The second highlighted event was a lecture, given by retired Wisconsin professor Dr. Ian Harris, on “Overcoming Violence through Education – Exploring Masculinity, Violence and Peace.” Before receiving his doctorate, Harris was a teacher in the inner city of Philadelphia. It was this experience that motivated his future work, “The students I taught in Philadelphia were so traumatized by violence in their lives…. [they] weren’t stupid, but they couldn’t focus on their lessons because mom got beaten up last night or dad didn’t get a job or a friend had gotten shot – urban violence was dragging them down.” Harris wanted to help. He wanted to give them the skills they needed to address these issues in a non-violent manner. When he became a professor at the University of Wisconsin, the desire led to the creation of a course on peace education.

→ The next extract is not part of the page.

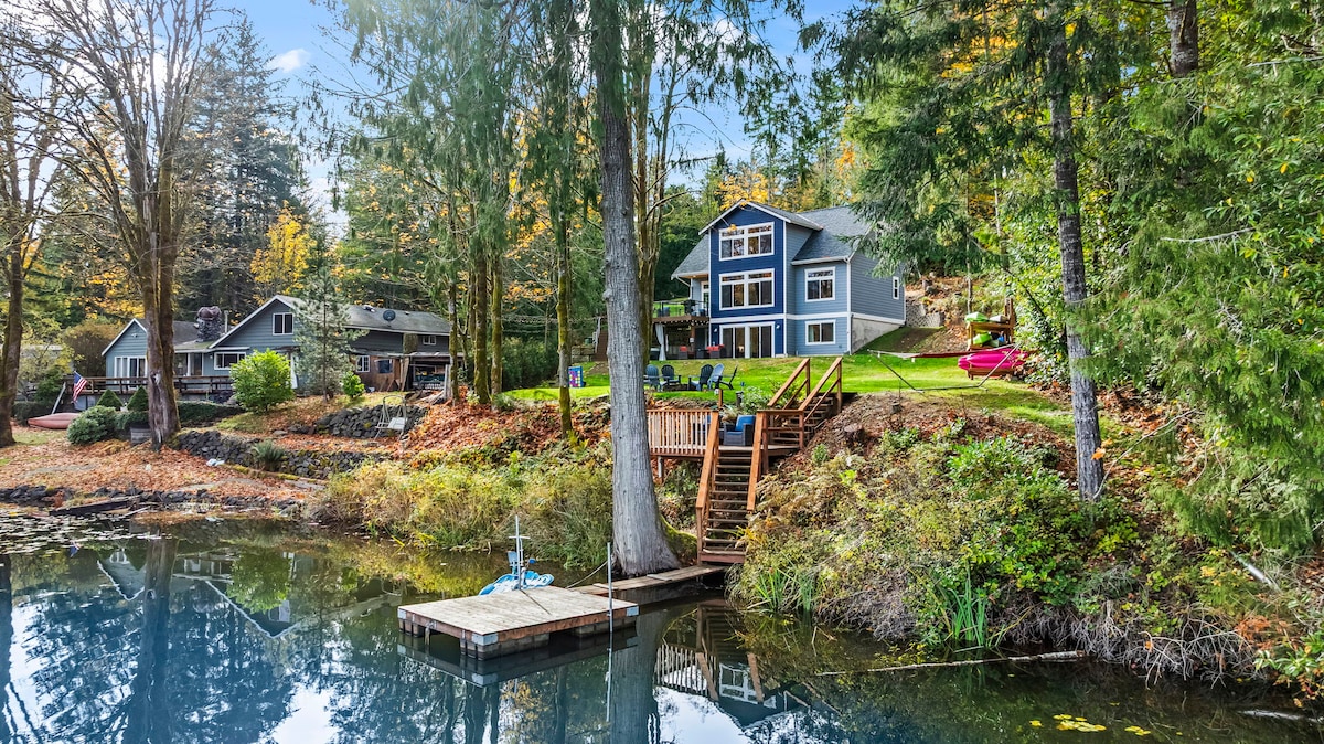 Enjoy the waterfront view by the woodstove, or roast s’mores & absorb the tranquility at the gas firepit on the spacious deck. A perfect cozy winter retreat, you are right on the low bank waterfront of a private lagoon, & the Hood Canal, surrounded by woods. Outdoor amenities abound, with a pickleball court, 2 paddleboards, rowboat, & firepits at the beach & lagoon. Enjoy a scenic 1 hour drive to Olympic National Park, or watch for porpoises, otters and the resident bald eagles from the couch.

His desire for peace also led him into the realm of male violence. When the feminists pointed out, in the 1980s, that men created most violence, Harris asked himself, “Why?” After 10 years of looking at cultural messages, institutional violence, and emotional abuse, Harris concluded, “the key factor in male violence … is wounding. Men are wounded in a variety of ways … and a sense of rage grows up inside them.” Harris hopes that by revealing the many complex factors that influence masculine violence, he might create an understanding that will pave the way towards greater peace.

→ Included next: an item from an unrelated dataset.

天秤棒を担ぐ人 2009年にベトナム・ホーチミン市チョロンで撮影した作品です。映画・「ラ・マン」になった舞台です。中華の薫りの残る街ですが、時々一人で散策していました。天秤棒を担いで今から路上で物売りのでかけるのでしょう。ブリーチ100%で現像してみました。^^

When asked why students should pay attention to peace education, Stewart, Collette and Harris converged on the importance of conflict-resolution skills in every-day life. According to Harris, conflict resolution is just as important as learning how to read and write: “we have what we call the four Rs: reading, ‘righting, ‘rithmetic and resolution.” Collette makes it clear that “no man is an island – we are all connected.” If we are going to live together successfully, we need a way to solve our differences in a non-violent manner. Harris reminded students that “life is full of conflict… the key is determining how you resolve that conflict.”